United States Ambassador to Colombia Nominee
- Assuming office TBD
- President: Donald Trump
- Succeeding: John McNamara (Acting)

Personal details
- Born: Daniel James Newlin March 1, 1980 (age 46) Chicago, Illinois, U.S.
- Party: Republican
- Children: 1
- Education: Florida State University (JD)
- Occupation: Lawyer; law enforcement officer; philanthropist;
- Police career
- Allegiance: Orange County, Florida
- Department: Orange County Sheriff's Office
- Service years: 1998–2018
- Rank: Detective

= Dan Newlin =

American diplomat (born 1974)

Daniel James Newlin (born March 1, 1980) is an American attorney, businessman, and former law enforcement officer who is the nominee for United States ambassador to Colombia. He previously served as an Orange County deputy sheriff from 1998 to 2018. He founded Dan Newlin Injury Attorneys, a Florida and Illinois-based injury law firm, in 2001.

==Early life and career==
Daniel James Newlin was born on March 1, 1980, in South Chicago to his steelworker father and school teacher mother and was raised in Valparaiso, Indiana.

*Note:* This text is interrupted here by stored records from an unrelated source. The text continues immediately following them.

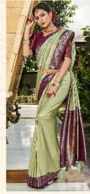
| 5105 |
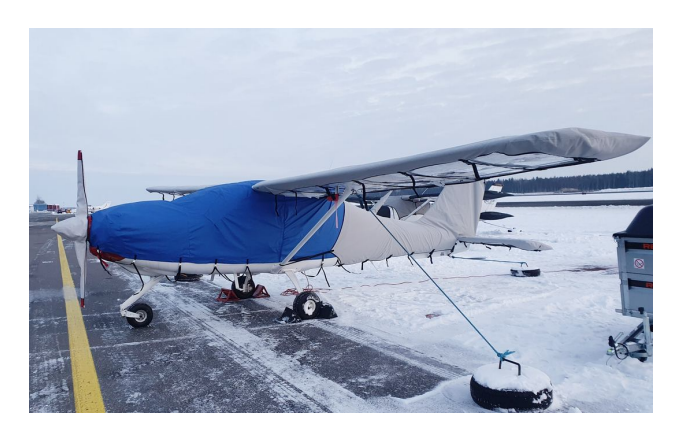
Tecnam P2010 Wing, Empennage & Prop Covers

WINTER USE MATERIAL - Made with Solution-Dyed Polyester fabric, this option is intended for seasonal use to aid in deicing, rain mitigation, or for occasional travel. The material is lighter and more compact, but more susceptible to UV damage and may have a shorter useful life if used continuously outside than the all-year use material.
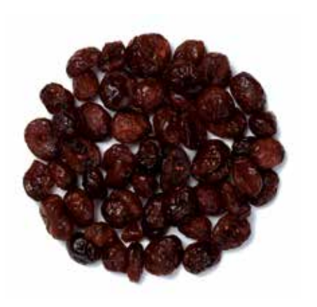
SWEETENED SLICED (W/APPLE JUICE CONCENTRATE)
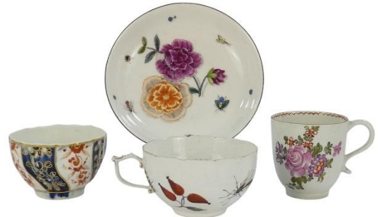
Lot 222 - A late 18th century Meissen tea cup
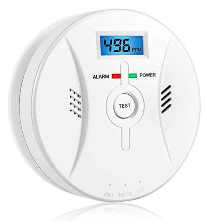
The CO detector manufactured by BQQZHZ features a red "alarm" indicator and a green "power" indicator side-by-side between the test button and a carbon monoxide indicator screen.

The recalled CO detectors all have a round "Test" button in the middle of the unit, with three or four slashes for the speakers on the right and left of the test button.
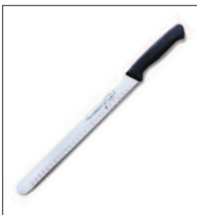
D8503830 12" Ham/Salmon Slicer
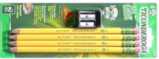
12 JUMBO pencils
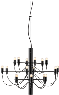
AU135031 Matte Black
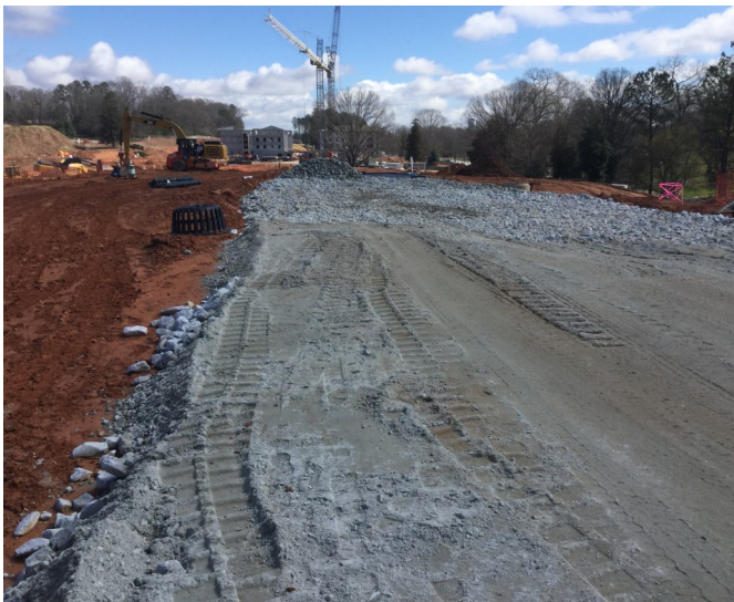
Crane Roads at West Zone
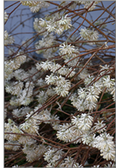
Oriental Paper Bush flowers
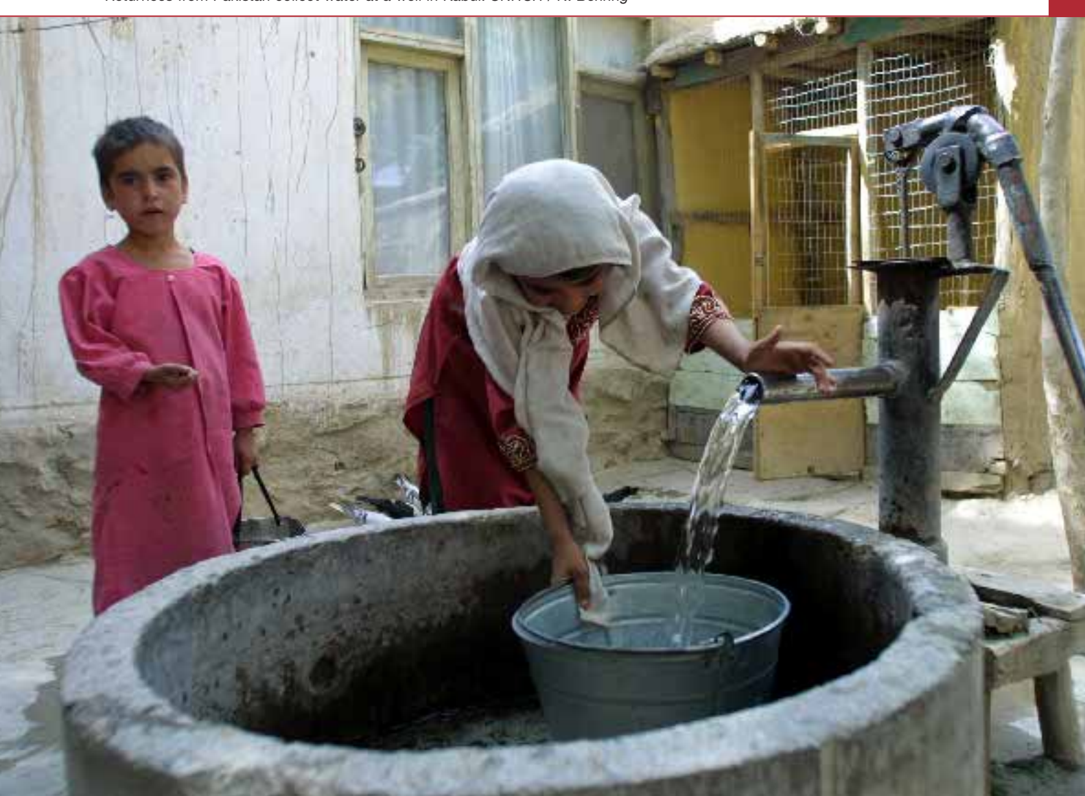
Returnees from Pakistan collect water at a well in Kabul.

Water: Work has been carried out on more than 2,600 wells, as well as on karezes (irrigation channels), piped water schemes and canals in returnee areas.
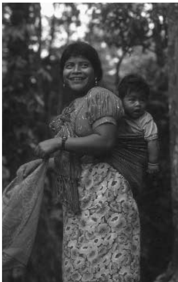
Guatemala: Returnee family.

ment of International Protection. The Spanish website is an important protection and dissemination tool in the Americas and Spain, and includes a legal database.
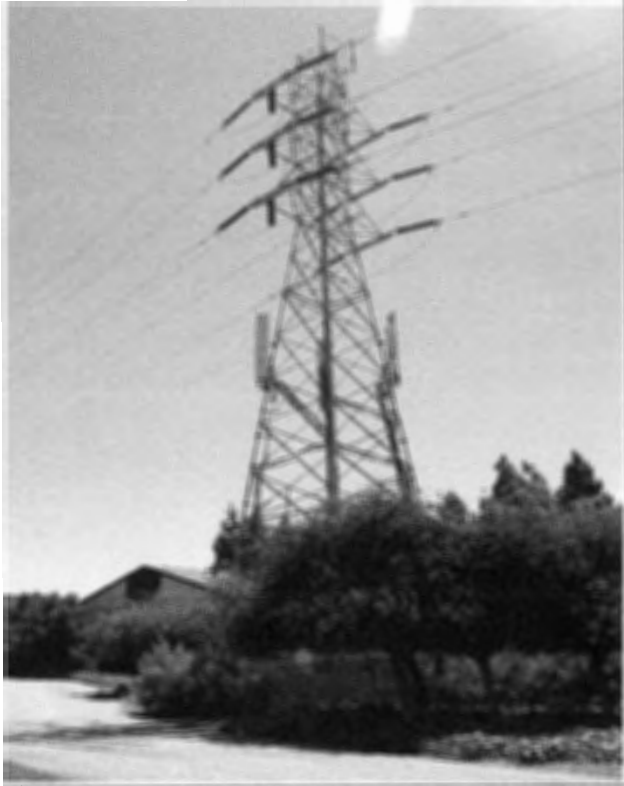
1082 Colorado St. Palo Alto
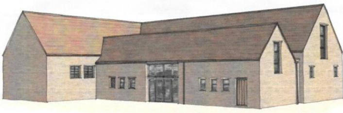
St Joseph's Catholic Church Arkell Avenue, Carterton, OXON OX18 3BS
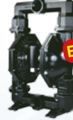
3" (76 mm)
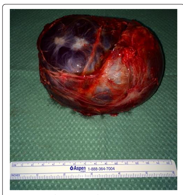
Figure 3 Resected retroperitoneal cyst.

sequelae of a mesenteric or omental haematoma or an abscess which was not resorbed [5,6].
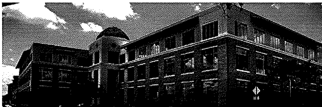
(3 story office building features architectural domes, decorative canopies, Viracon reflective glass, cast stone and brick veneer)

exterior. The interior of the office building has travertine tile floors custom quarried in Spain and handcrafted light fixtures. Also, the office has a state of the art computerized 42" touch-screen directory, mechanical energy management, building automation system, and a controlled-access system to facilitate off-site property management.
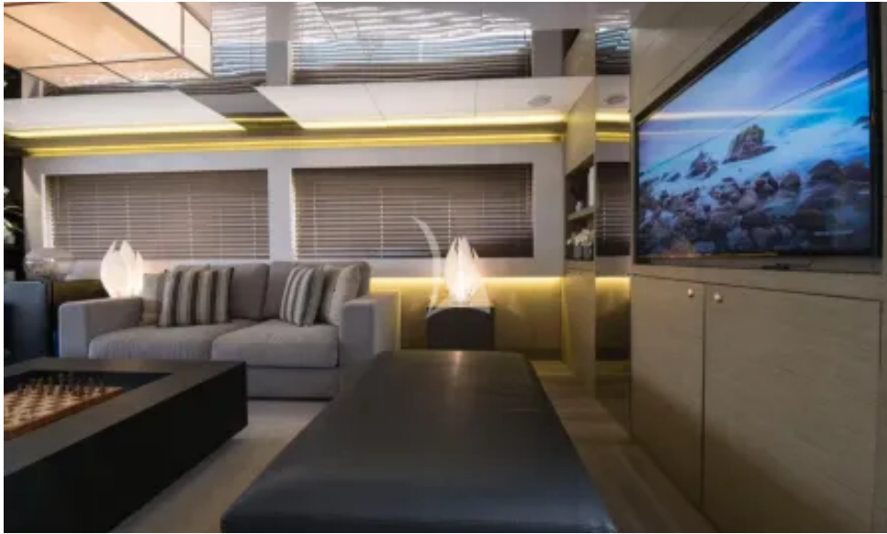
Salon - main deck
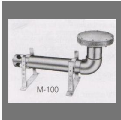
High Pressure Bulk Heating Burners
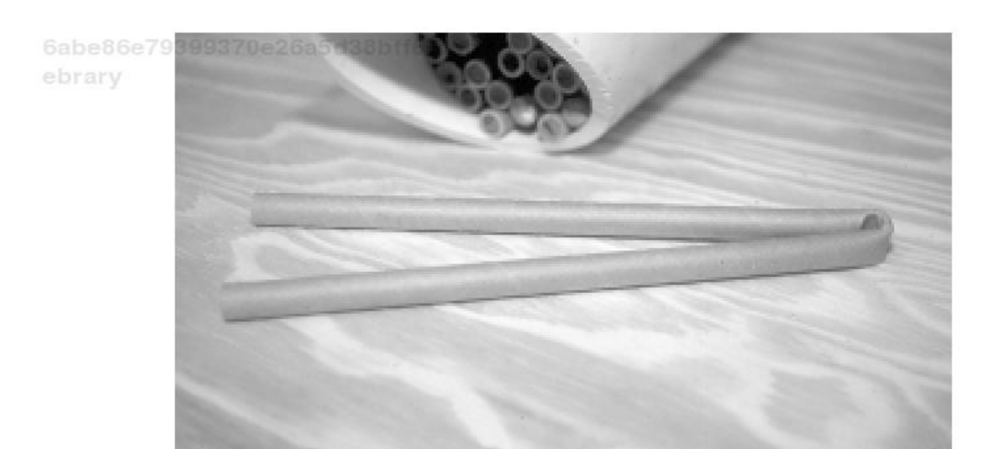
Fig. 12.2. Orchard mason bees will readily nest in cardboard tubes. Each tube is folded in half to produce two dead-end tunnels.

A horizontal section of white 3 in (7.6 cm) polyvinyl chloride (PVC) pipe makes a good shelter for bees nesting in cardboard tubes. One end of the PVC pipe can be cut at a 45° angle so that the top sticks out past the bottom and acts as a rain shield. The other end is closed with a plastic cap. The bottom part of the PVC pipe (the long run constituting the floor) must be at least 8 in (20.3 cm) long. One can then take standard \frac{5}{16} \times 16 in (0.8 \times 40.6 cm) cardboard tubes, fold each in half to make two 8 in (20.3 cm) lengths (tunnels must deadend or bees will not nest in them), and place a bundle of tubes
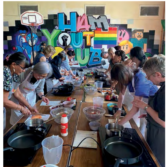
Residents on a Cooking Up course in Ham Youth Centre
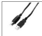
USB2HAB15 15 ft High Speed Certified USB 2.0 Cable
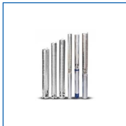
STAINLESS STEEL V4 BOREWELL SUBMERSIBLE PUMPS 100 MM
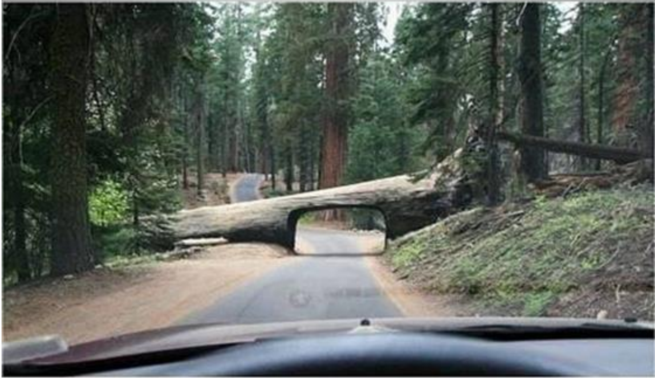
An unusual tunnel in California's Sequoia National Park
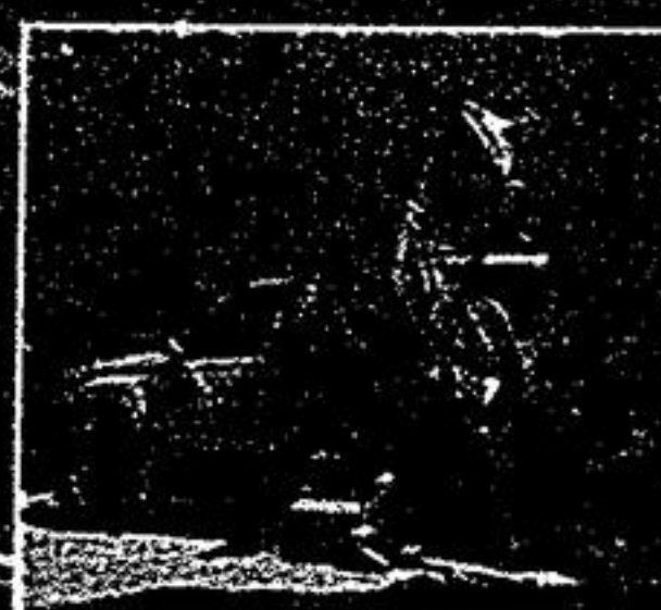
2003 XTERRA Xterra XE
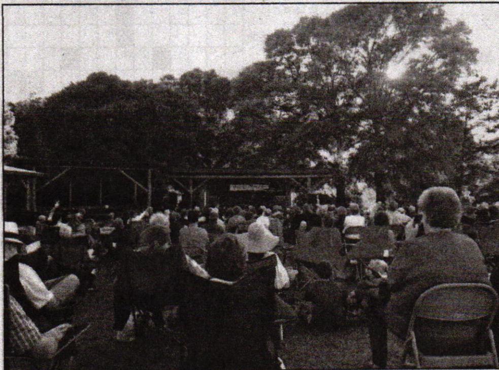
Guests enjoy the sounds of Guy Penrod.
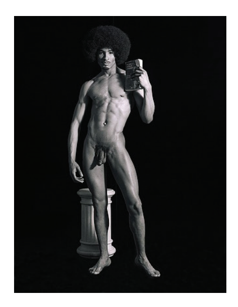
Fig. 6. Reneé Cox, David , 1994 (photography) New Museum of Contemporary Art, New York
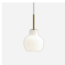
VL Ring Crown 1
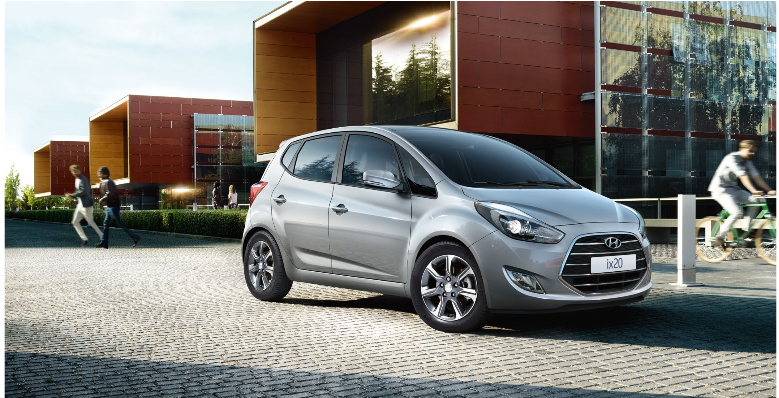
Car shown ix20 Premium in Platinum Silver metallic paint. Headlights shown not to UK specification.

The ix20 doesn't do boxy. Its dynamic design, spacious interior and efficient drive are enhanced by all the clever little extras inside. It's the stand-out car in its class.
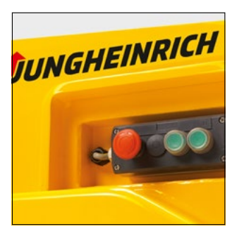
Inching buttons for simple coupling and decoupling

He served in the Orange County Sheriff's Office from 1998 to 2018, reaching the rank of fugitive detective. Over the course of his career, he earned awards, medals, and commendations for his bravery and dedication to service. Newlin graduated from the Florida State University College of Law in December 2000. He has been a personal injury attorney in Central Florida since 2001.

In addition to his law enforcement career, Newlin founded Dan Newlin Injury Attorneys and has grown the firm into the second largest personal injury law firm in the country.

==Politics==
For years, Newlin supported Democratic political candidates, including a $5,400 contribution to Hillary Clinton's 2016 presidential campaign and a $150,000 donation to the Florida Democratic Party in 2018. In 2022, he shifted his support and made several large political contributions to Republican candidates. During the 2024 presidential election, Newlin donated $1 million to the family of Corey Comperatore and spent at least $3 million on campaign advertisements for Donald Trump's 2024 presidential campaign.

In December 2021, Newlin organized a concert with country artists including Toby Keith, Clay Walker, and Trace Adkins to honor military personnel from every branch in Orlando in which Trump participated. From 2021 to 2024, Newlin worked full time traveling across the country, focusing primarily on swing states, to rally support for Trump's campaign producing and running his own ad campaign for Trump.

== Nomination as ambassador ==
On December 11, 2024, President-elect Donald Trump announced his intention to nominate Newlin as the next ambassador to Colombia. Newlin responded to the announcement by saying he was "proud and honored to have the opportunity”.

==Personal life==
Newlin has a daughter. He lives in Windermere, Florida, and owns a ranch in Colombia.